Degrees-of-Freedom Approximations for Conditional-Mean Inference in Random-Lot Stability Analysis
Andrew T. Karl, Heath Rushing, Richard K. Burdick, Jeff Hofer
TL;DR
The paper addresses how the choice of denominator degrees-of-freedom (DDF) in conditional-mean inference for random-lot stability analysis can produce boundary-proximal instabilities when a variance component nears zero, potentially altering expiry decisions. It compares containment (CONTAIN) and Satterthwaite (SAT) DDF, derives a delta-method-based DDF and explores model-reduction workflows (variance-contribution reduction and AICc step-down) within full random-effects modeling. The key contributions are (i) identification and characterization of the boundary effect on conditional-mean confidence limits, (ii) demonstration that containment-based inference yields stable DDF and avoids discontinuities, and (iii) practical workflows for routine analyses when CONTAIN is unavailable, along with recommendations and sensitivity analyses. The findings have direct practical impact on pharmaceutical stability assessments by improving the reliability of expiry decisions and guiding analysts toward robust inferential strategies across software platforms.
Abstract
Linear mixed models are widely used for pharmaceutical stability trending when sufficient lots are available. Expiry support is typically based on whether lot-specific conditional-mean confidence limits remain within specification through a proposed expiry. These limits depend on the denominator degrees-of-freedom (DDF) method used for $t$-based inference. We document an operationally important boundary-proximal phenomenon: when a fitted random-effect variance component is close to zero, Satterthwaite DDF for conditional-mean predictions can collapse, inflating $t$ critical values and producing unnecessarily wide and sometimes nonmonotone pointwise confidence limits on scheduled time grids.
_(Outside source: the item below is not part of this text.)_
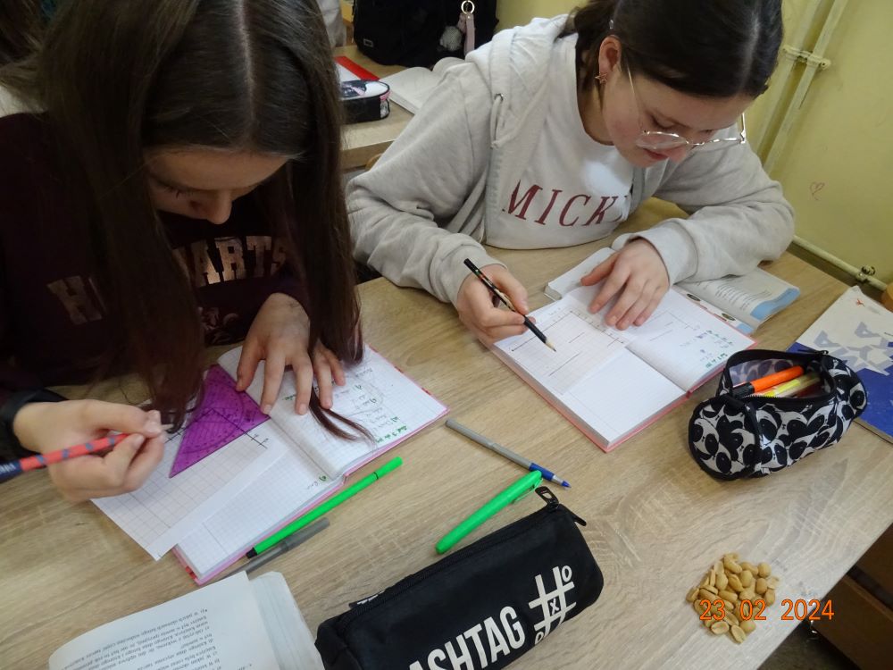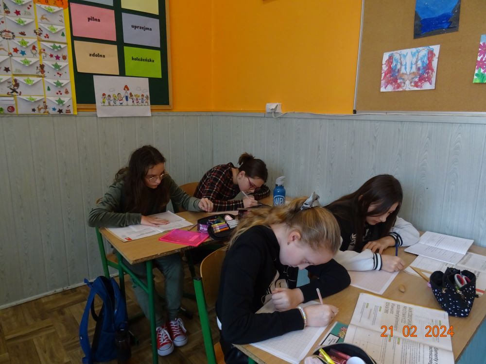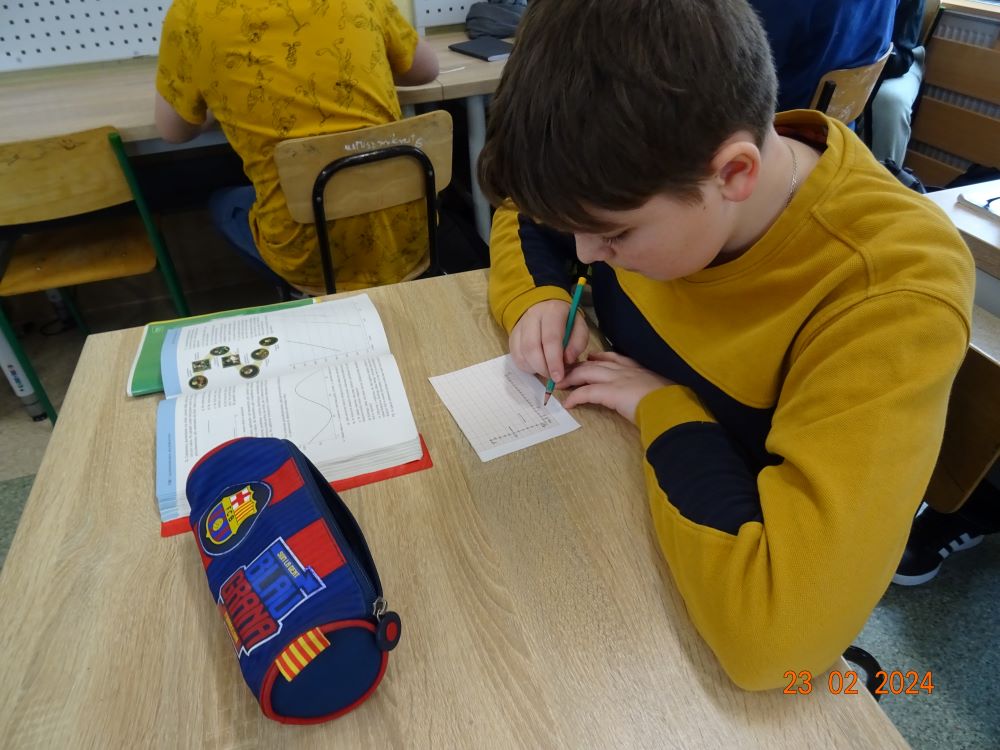 W czasie lekcji matematyki uczniowie klasy 8 wykonywali wykresy na papierze milimetrowym, pochodzącym z projektu Laboratoria Przyszłości. Podczas lekcji techniki uczniowie klasy 5b uczyli się pisania za pomocą pisma technicznego – w trakcie zajęć wykorzystano papier milimetrowy, pochodzący z projektu Laboratoria Przyszłości. Przebieg lekcji dokumentowano za pomocą aparatu fotograficznego, również pochodzącego z tego projektu.

In contrast, containment DDF yields stable degrees of freedom and avoids sharp discontinuities as variance components approach the boundary. Using a worked example and simulation studies, we show that DDF choice can materially change pass/fail conclusions even when observed data comfortably meet specifications. Containment-based inference with the full random-effects model provides a single modeling framework that avoids the discontinuities introduced by data-dependent model reduction at arbitrary cutoffs. When containment is unavailable, a 10\% variance-contribution reduction workflow mitigates extreme Satterthwaite behavior by simplifying the random-effects structure only when fitted contributions at the proposed expiry are negligible. An AICc step-down is also evaluated but is best treated as a sensitivity analysis, as it can be liberal when the margin between the mean trend and the specification limit at the proposed expiry is small.